CNN飛機識別-基於paddlepaddle高級API（附詳細代碼講解）

前言

在使用paddlepaddle實戰完手寫數字集識別後，開始了新的一輪實戰-飛機識別。

與之前不同的是，這次的項目使用更加高級的框架api接口，代碼集成度更高，但是同樣的也出現了一個問題，課程中並沒有對這些api進行講解。

我花了兩個多小時，通過查看源代碼，終於搞清楚了這些api。下面，我們分享給大家！

文章目錄

CNN飛機識別網絡結構

數據集以及項目說明

本項目共有7897張圖像，其中訓練集5897張，測試集2000張圖像，每幅圖像的大小是32*32，形狀是(32,32,3)
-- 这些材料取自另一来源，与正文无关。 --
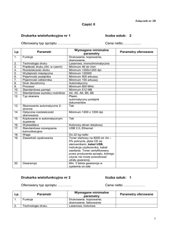 Załącznik nr 2B Część II Drukarka wielofunkcyjna nr 1 liczba sztuk: 2 Oferowany typ sprzętu ……………………… Cena netto………........ Lp. 1. Funkcje 2. 3. 4. 5. 6. 7. 8. 9. 10. 11. 12. Technologia druku Prędkość druku (A4, w czerni) Rozdzielczość druku Wydajność miesięczna Pojemność podajnika Pojemność odbiornika Druk dwustronny Procesor Standardowa pamięć Standardowe wymiary nośników Typ skanera 13. 18. 19. Skanowanie automatyczne 2stronne Optyczna rozdzielczość skanowania Kopiowanie w automatycznym dupleksie Wyświetlacz Standardowe rozwiązania komunikacyjne Waga Zawartość opakowania 20. Gwarancja 14. 15. 16. 17. Wymagane minimalne parametry Parametr Parametry oferowane Drukowanie, kopiowanie, skanowanie, Laserowa, monochromatyczna Minimum 46 str./min Minimum 1200x1200 dpi Minimum 120000 Minimum 500 arkuszy Minimum 150 arkuszy Automatyczny Minimum 800 MHz Minimum 512 MB A4, A5, A6, B5, B6 Płaski, automatyczny podajnik dokumentów Tak Minimum 1200 x 1200 dpi Tak Kolorowy ekran dotykowy USB 2.0, Ethernet Do 22 kg netto Toner startowy na 8000 str A4 – 5% pokrycia, płyta CD ze sterownikami, kabel USB, instrukcja użytkownika, kabel zasilania. Toner certyfikowany przez producenta sprzętu, którego użycie nie może powodować utraty gwarancji. Min. 3 letnia gwarancja w systemie on-site Drukarka wielofunkcyjna nr 2 liczba sztuk: 1 Oferowany typ sprzętu ………… Cena netto ……………… Lp. Parametr 1. Funkcje 2. Technologia druku Wymagane minimalne parametry Parametry oferowane Drukowanie, kopiowanie, skanowanie, faksowanie Laserowa, kolorowa 1 3. 4. 5. 6. 7. 8. 9. 10. 11. 12. 13. Prędkość druku (A4, w czerni i w kolorze) Jakość druku (w czerni) Wydajność miesięczna Pojemność podajnika Pojemność odbiornika Druk dwustronny Procesor Standardowa pamięć Standardowe wymiary nośników Typ skanera 18. Skanowanie automatyczne 2stronne Optyczna rozdzielczość skanowania Kopiowanie w automatycznym dupleksie Wyświetlacz Standardowe rozwiązania komunikacyjne Zawartość opakowania 19. Gwarancja 14. 15. 16. 17. Minimum 28 str./min Minimum 600 x 600 dpi Minimum 60000 Minimum 250 arkuszy Minimum 150 arkuszy Automatyczny Minimum 400 MHz Minimum 256 MB A4, A5, A6, B5, B6 Płaski, automatyczny podajnik dokumentów Tak Minimum 1200 x 1200 dpi Tak Kolorowy ekran dotykowy USB 2.0, interfejs Ethernet, interfejs WiFi tonery startowe na min. 1500 str. A4 – 5% pokrycia, płyta CD ze sterownikami, kabel USB, instrukcja użytkownika, kabel zasilania. Tonery certyfikowane przez producenta sprzętu, którego użycie nie może powodować utraty gwarancji. Min. 3 letnia gwarancja w systemie on-site Drukarka laserowa nr 1 liczba sztuk: 1 Oferowany typ sprzętu ……………………… Cena netto………........ Lp. Parametr 1. 2. 3. 4. 5. 6. 7. 8. 9. 10. Technologia druku Prędkość druku (w czerni) Rozdzielczość drukowania Maksymalny format papieru Automatyczny druk dwustronny Pojemność podajnika Prędkość procesora Pamięć Komunikacja Kompatybilne systemy 11. 12. Masa netto Gwarancja Wymagane minimalne parametry Parametry oferowane Laserowa mono 40 str./min. 1200 x 1200 dpi A4 Tak 500 400 MHz 128 MB USB +kabel; Ethernet Windows XP, Windows 7 32/64bit, Windows 8.1 32/64bit, Windows 10 32/64bit Do 11,5 kg Min. 3 letnia gwarancja w systemie on-site 2 Lp. Drukarka do etykiet nr 1 liczba sztuk: 1 Oferowany typ sprzętu ……………………… Cena netto………........ Parametr 1. 2. 3. 4. 5. 6. 7. 8. 9. Technologia druku Rozdzielczość druku Prędkość druku Szerokość druku Długość druku Procesor Pamięć Interfejs Kompatybilne systemy 10. 11. Waga (netto bez materiałów) Gwarancja Lp. 1. 2. 3. Wymagane minimalne parametry Parametry oferowane Termotransfer 300 dpi 101 mm/s 106 mm 450 mm 32-bit 8 MB RAM, 4 MB FLASH USB +kabel, RS-232, LPT, LAN Windows 7 32/64bit, Windows 8.1 32/64bit, Windows 10 32/64bit Do 2.5 kg Min. 12 miesięcy Skaner nr 1 liczba sztuk: 1 Oferowany typ sprzętu ……………………… Cena netto………........ Parametr 4. 5. 6. Typ skanera Rodzaj lampy Rozdzielczość (w pionie / w poziomie) Głębia koloru Interfejs Oprogramowanie 7. 8. Waga Gwarancja Wymagane minimalne parametry Parametry oferowane Płaski LED 6400 dpi / 6400 dpi 48 bit USB 2.0 Min. Abby Fine Reader Sprint 9.0 Do 4.5 kg Min. 12 miesięcy 3

本次項目是百度官方視頻七天入門深度學習中的 day2.
課程鏈接：Day 2 實戰——飛機識別

代碼解析

1. 加載數據

testdata_orgin = np.load('data/plane/testdata.npy')
testlabel_orgin=np.load('data/plane/testlabel.npy')
traindata_orgin = np.load('data/plane/traindata.npy')
trainlabel_orgin=np.load('data/plane/trainlabel.npy')

返回的數組形狀：
testdata_orgin.shape==(2000, 32, 32, 3)
testlabel_orgin==(2000, 1)
traindata_orgin==(5897, 32, 32, 3)
trainlabel_orgin==(5897, 1)
2. 轉換數據格式

testdata = np.array(testdata_orgin).reshape(2000,3,32,32).astype(np.float32)
traindata = np.array(traindata_orgin).reshape(5897,3,32,32).astype(np.float32)
testlabel = np.array(testlabel_orgin).reshape(2000,1).astype(np.float32)
trainlabel_orgin = np.array(trainlabel_orgin).reshape(5897,1).astype(np.float32)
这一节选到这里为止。